Given information >>
+--
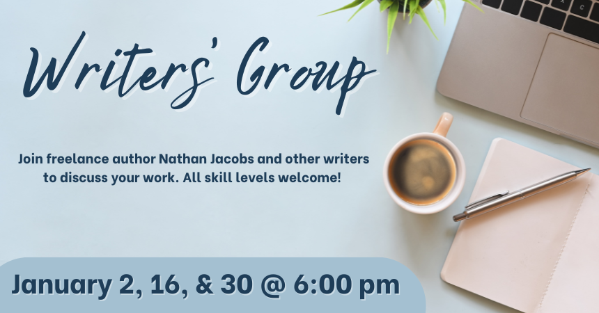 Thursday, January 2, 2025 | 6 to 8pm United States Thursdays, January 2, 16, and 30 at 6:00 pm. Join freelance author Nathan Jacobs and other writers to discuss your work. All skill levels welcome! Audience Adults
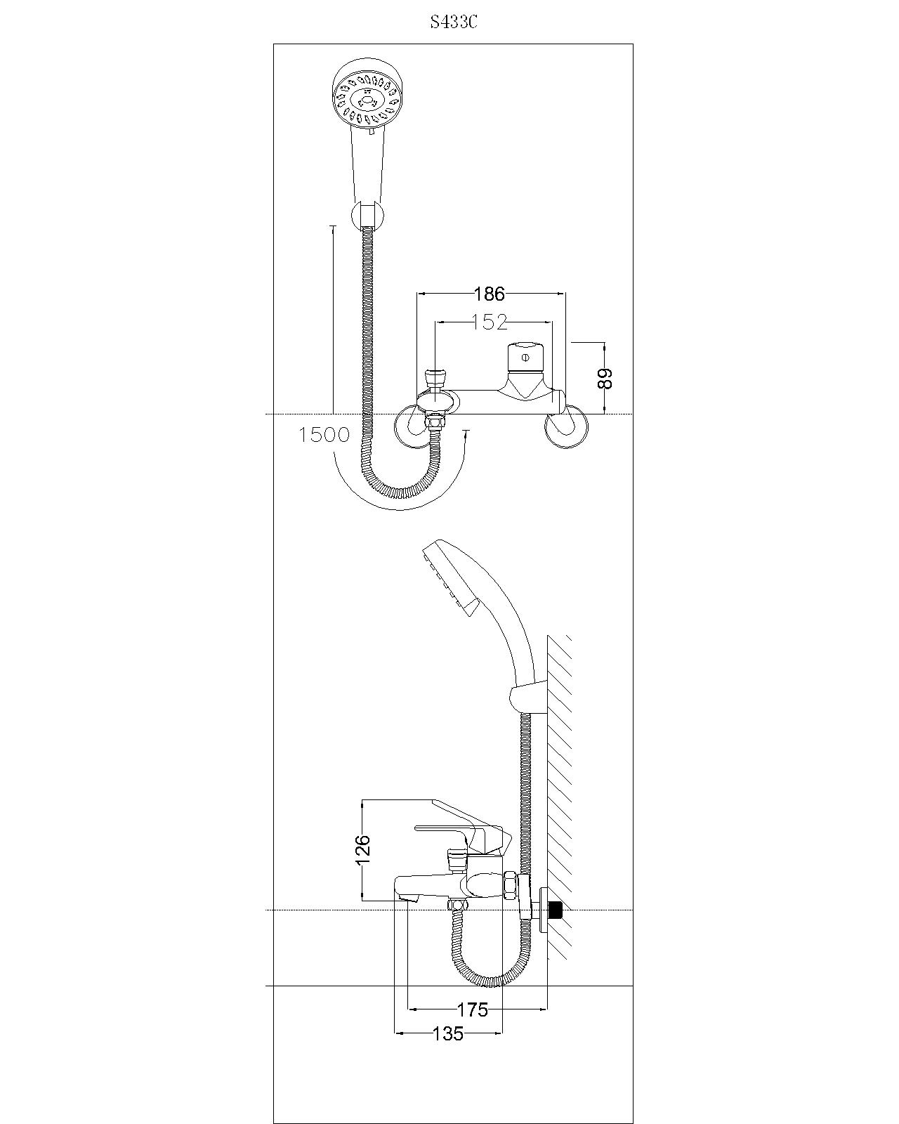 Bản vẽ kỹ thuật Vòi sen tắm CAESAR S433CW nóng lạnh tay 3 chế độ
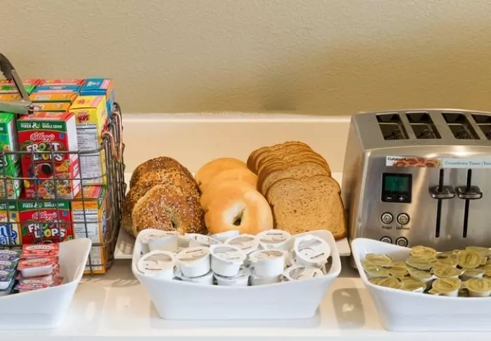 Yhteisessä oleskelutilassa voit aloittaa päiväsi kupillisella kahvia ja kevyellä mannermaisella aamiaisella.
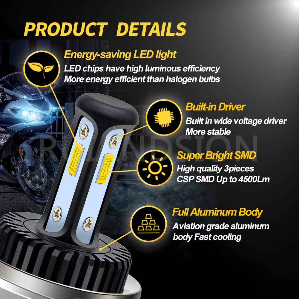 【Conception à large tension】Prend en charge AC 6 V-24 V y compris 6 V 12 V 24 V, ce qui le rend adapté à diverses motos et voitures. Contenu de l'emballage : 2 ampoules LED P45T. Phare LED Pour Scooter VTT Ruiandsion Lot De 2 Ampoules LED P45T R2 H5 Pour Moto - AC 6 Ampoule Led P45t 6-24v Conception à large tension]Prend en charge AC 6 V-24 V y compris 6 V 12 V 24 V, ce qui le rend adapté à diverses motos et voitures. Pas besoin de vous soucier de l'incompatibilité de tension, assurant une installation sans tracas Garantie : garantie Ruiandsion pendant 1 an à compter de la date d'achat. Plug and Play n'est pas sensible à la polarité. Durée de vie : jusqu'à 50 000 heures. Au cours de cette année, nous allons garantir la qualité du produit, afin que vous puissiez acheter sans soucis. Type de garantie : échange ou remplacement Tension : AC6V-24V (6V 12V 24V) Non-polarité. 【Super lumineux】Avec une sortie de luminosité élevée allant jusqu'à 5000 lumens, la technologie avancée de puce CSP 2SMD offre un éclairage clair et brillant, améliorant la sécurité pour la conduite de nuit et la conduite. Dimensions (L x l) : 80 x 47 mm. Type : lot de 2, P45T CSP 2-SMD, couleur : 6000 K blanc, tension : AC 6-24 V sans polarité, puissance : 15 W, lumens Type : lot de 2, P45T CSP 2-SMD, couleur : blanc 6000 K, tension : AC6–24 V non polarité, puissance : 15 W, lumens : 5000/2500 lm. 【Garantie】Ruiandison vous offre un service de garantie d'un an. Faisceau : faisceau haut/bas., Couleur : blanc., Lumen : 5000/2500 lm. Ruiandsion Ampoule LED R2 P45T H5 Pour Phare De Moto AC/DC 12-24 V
+--
Work instruction >> Please output exactly the lines of the data above, from its first line through the line with "Yhteisessä oleskelutilassa voit", and nothing else; drop the pictures.

Response to the task >>
 Thursday, January 2, 2025 | 6 to 8pm United States Thursdays, January 2, 16, and 30 at 6:00 pm. Join freelance author Nathan Jacobs and other writers to discuss your work. All skill levels welcome! Audience Adults
 Bản vẽ kỹ thuật Vòi sen tắm CAESAR S433CW nóng lạnh tay 3 chế độ
 Yhteisessä oleskelutilassa voit aloittaa päiväsi kupillisella kahvia ja kevyellä mannermaisella aamiaisella.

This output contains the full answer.